What is the project about?

This project aims to classify diseases and identifying abnormalities based on medical X-ray images (Chest X-ray 14 dataset). Competed in the HTC DeepQ DL competitions at NTU.

Setup

Environment

Ubuntu 16.04 LTS

Required pacakges

Keras==2.0.9
keras-vis==0.4.1
opencv-python==3.3.0.10
pandas==0.20.1
pydot==1.2.3
matplotlib==2.0.2
scipy==0.19.0
tensorflow-gpu==1.3.0

Directory tree

.
data/
        BBox_List_2017.csv
        Data_Entry_2017_v2.csv
        train.txt
        valid.txt
        test.txt
        images/
            ..(42G Images here)
        npy/
            X_0.npy
            y_0.npy
            X_1.npy
            … (Preprocessed data for classfier)
        bin/
            X_1.npy
            y_1.npy
            X_2.npy
            … (Preprocessed data for binary classfier)
preprocess.sh 
download.sh
train.sh 
train.py
binary.py
preprocessLabel.py
generatePrepData.py
test.py
dropbox.py
... (other python files)

Training

  1. Data preprocessing, run ./preprocess.sh and the processed data will be saved at data/npy and data/bin

  2. To start training, run ./train.sh will start train two different models (8+1 classifiers) and the models will be saved at models/classifier_modelmodels/binary_model

Testing

How to run testing on the HTC DeepQ Platform

  1. To download models and the required python-files, run ./download.sh to download

  2. Inside test.zip includes batch_test.py, judge_runner.py, resnet_no_weight_model.h5, requirements3.txt, bin_model.h5 5 files. Upload the zip file to the judge and run the command python3 judge_runner.py to start the testing process.

Methods and Models

Data preprocessing

Histograms Equalization

Since all the X-ray images are black and white, the distribution of the Histogram is quite important. We applied histogram equalization to the original dataset's image to standardize it.
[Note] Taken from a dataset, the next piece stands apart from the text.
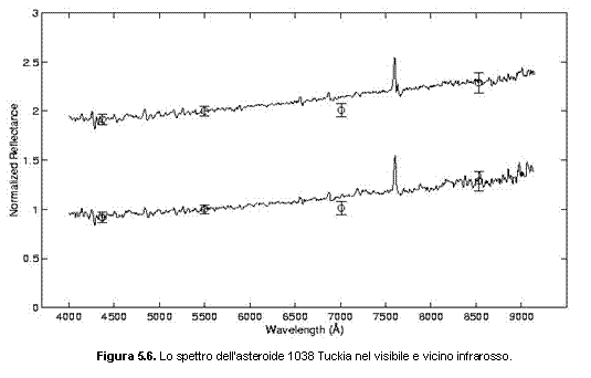 Come si è detto precedentemente, non sappiamo con esattezza di cosa siano composti gli asteroidi. E’ però opinione diffusa che questi oggetti presentino un vasto spettro di composizioni: sarà necessario esaminarne da vicino un buon numero prima di avere un’idea chiara della loro natura. Non è tuttavia impossibile effettuare qualche studio da terra. Una tecnica molto usata è la spettrofotometria. Si tratta in sostanza di esaminare la luce solare riflessa da un asteroide a varie lunghezze d’onda, costruendo una “curva” che è caratteristica dell’asteroide esaminato (vedi figura 5.6). Utilizzando questi dati, è possibile classificare gli asteroidi in base alla loro risposta spettrofotometrica, e tentare così una sorta di tassonomia, un po’ come si fa con le specie viventi in base alle loro caratteristiche fisiche.
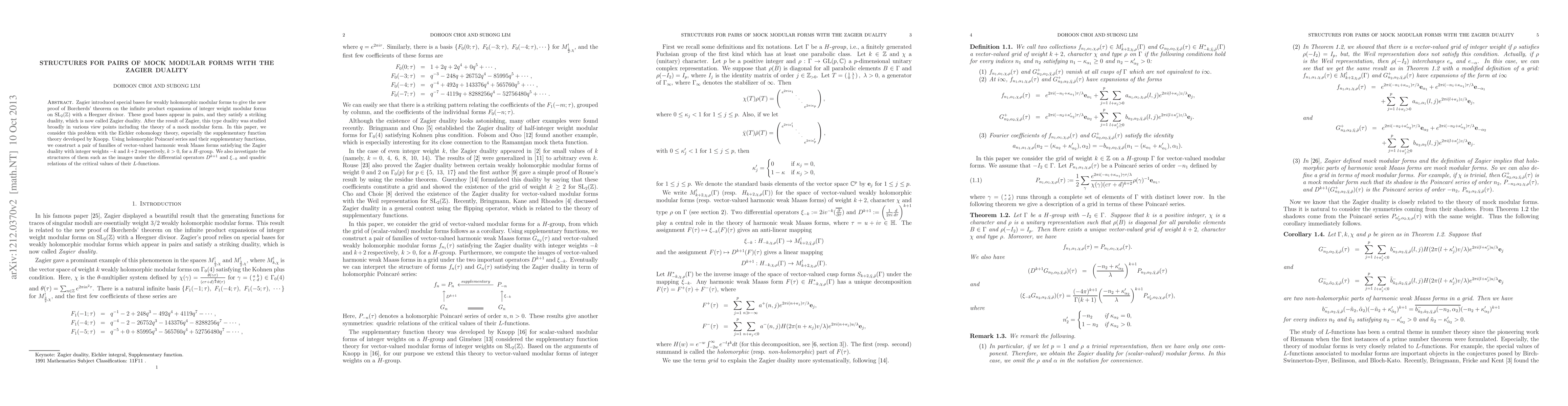 This paper explores pairs of mock modular forms and their structures, focusing on the Zagier duality within the context of Eichler cohomology and supplementary function theory. It constructs vector-valued harmonic weak Maass forms that satisfy the Zagier duality for integer weights, and investigates their properties under differential operators and the relations of their $L$-functions.

Left: Original image, Right: Applied histogram equalization

CLAHE (Contrast Limited Adaptive Histogram Equalization)

The drawbacks of Histograms Equalization is that it uses the global contrast of images as a basis for standardization. This may result in some "over-brightness" on important areas in the image. From the image above, we found that the right image's rib is not clear enough. So we decided to use CLAHE to limit the contrast difference to prevend over brightness.

Left: Applied histogram equalization, Right: Applied histogram equalization and CLAHE

Training methods

We used ResNet-50 and InceptionResNetV2 two different models for our training.

(Picture Reference: http://book.paddle.org/03.image_classification/)

The first step is to train a well performing classifier and use the model's last layer's saliency map to find out where the network is focusing on. Moreover, we can generate bounding boxed to identify abnormalities by filtering through the generated heatmap.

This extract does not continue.